--- Exercise inputs ---

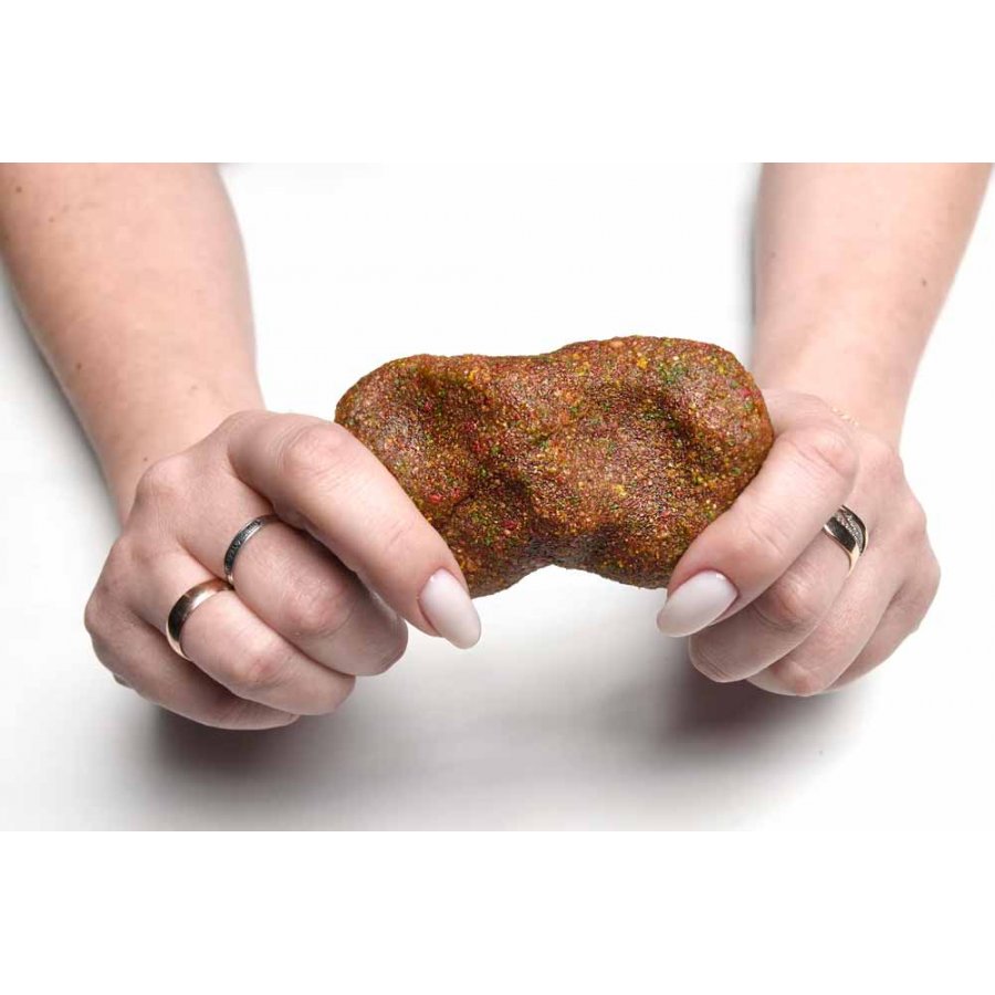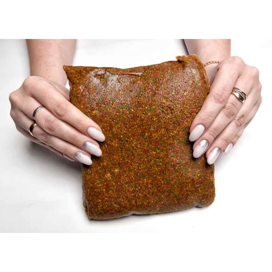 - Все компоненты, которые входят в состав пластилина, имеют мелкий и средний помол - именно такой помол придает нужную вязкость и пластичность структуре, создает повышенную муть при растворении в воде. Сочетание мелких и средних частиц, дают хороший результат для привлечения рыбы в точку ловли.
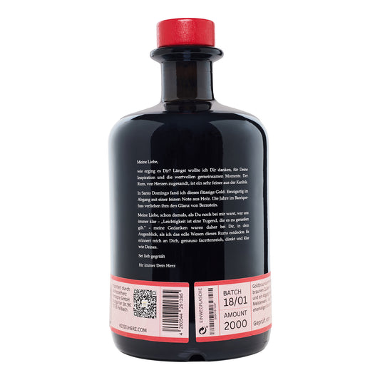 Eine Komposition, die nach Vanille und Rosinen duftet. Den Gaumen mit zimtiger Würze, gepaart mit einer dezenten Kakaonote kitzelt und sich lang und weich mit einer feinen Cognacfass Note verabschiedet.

---
--- Exercise inputs ---

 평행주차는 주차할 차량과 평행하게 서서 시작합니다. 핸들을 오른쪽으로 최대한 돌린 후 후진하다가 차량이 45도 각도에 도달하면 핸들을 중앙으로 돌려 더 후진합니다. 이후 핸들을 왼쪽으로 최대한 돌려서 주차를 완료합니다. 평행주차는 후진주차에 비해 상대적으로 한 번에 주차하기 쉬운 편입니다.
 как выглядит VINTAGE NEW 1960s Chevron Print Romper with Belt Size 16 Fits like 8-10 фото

---
--- Exercise inputs ---

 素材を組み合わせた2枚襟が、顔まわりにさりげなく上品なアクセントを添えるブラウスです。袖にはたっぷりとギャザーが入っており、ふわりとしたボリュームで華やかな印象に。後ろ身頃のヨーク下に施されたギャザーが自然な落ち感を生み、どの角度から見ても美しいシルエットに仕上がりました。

---

Within the listing above, locate the line containing "평행주차는 주차할 차량과" and the line containing "как выглядит VINTAGE". Reproduce those two lines and all lines between them exactly, with nothing added.

 평행주차는 주차할 차량과 평행하게 서서 시작합니다. 핸들을 오른쪽으로 최대한 돌린 후 후진하다가 차량이 45도 각도에 도달하면 핸들을 중앙으로 돌려 더 후진합니다. 이후 핸들을 왼쪽으로 최대한 돌려서 주차를 완료합니다. 평행주차는 후진주차에 비해 상대적으로 한 번에 주차하기 쉬운 편입니다.
 как выглядит VINTAGE NEW 1960s Chevron Print Romper with Belt Size 16 Fits like 8-10 фото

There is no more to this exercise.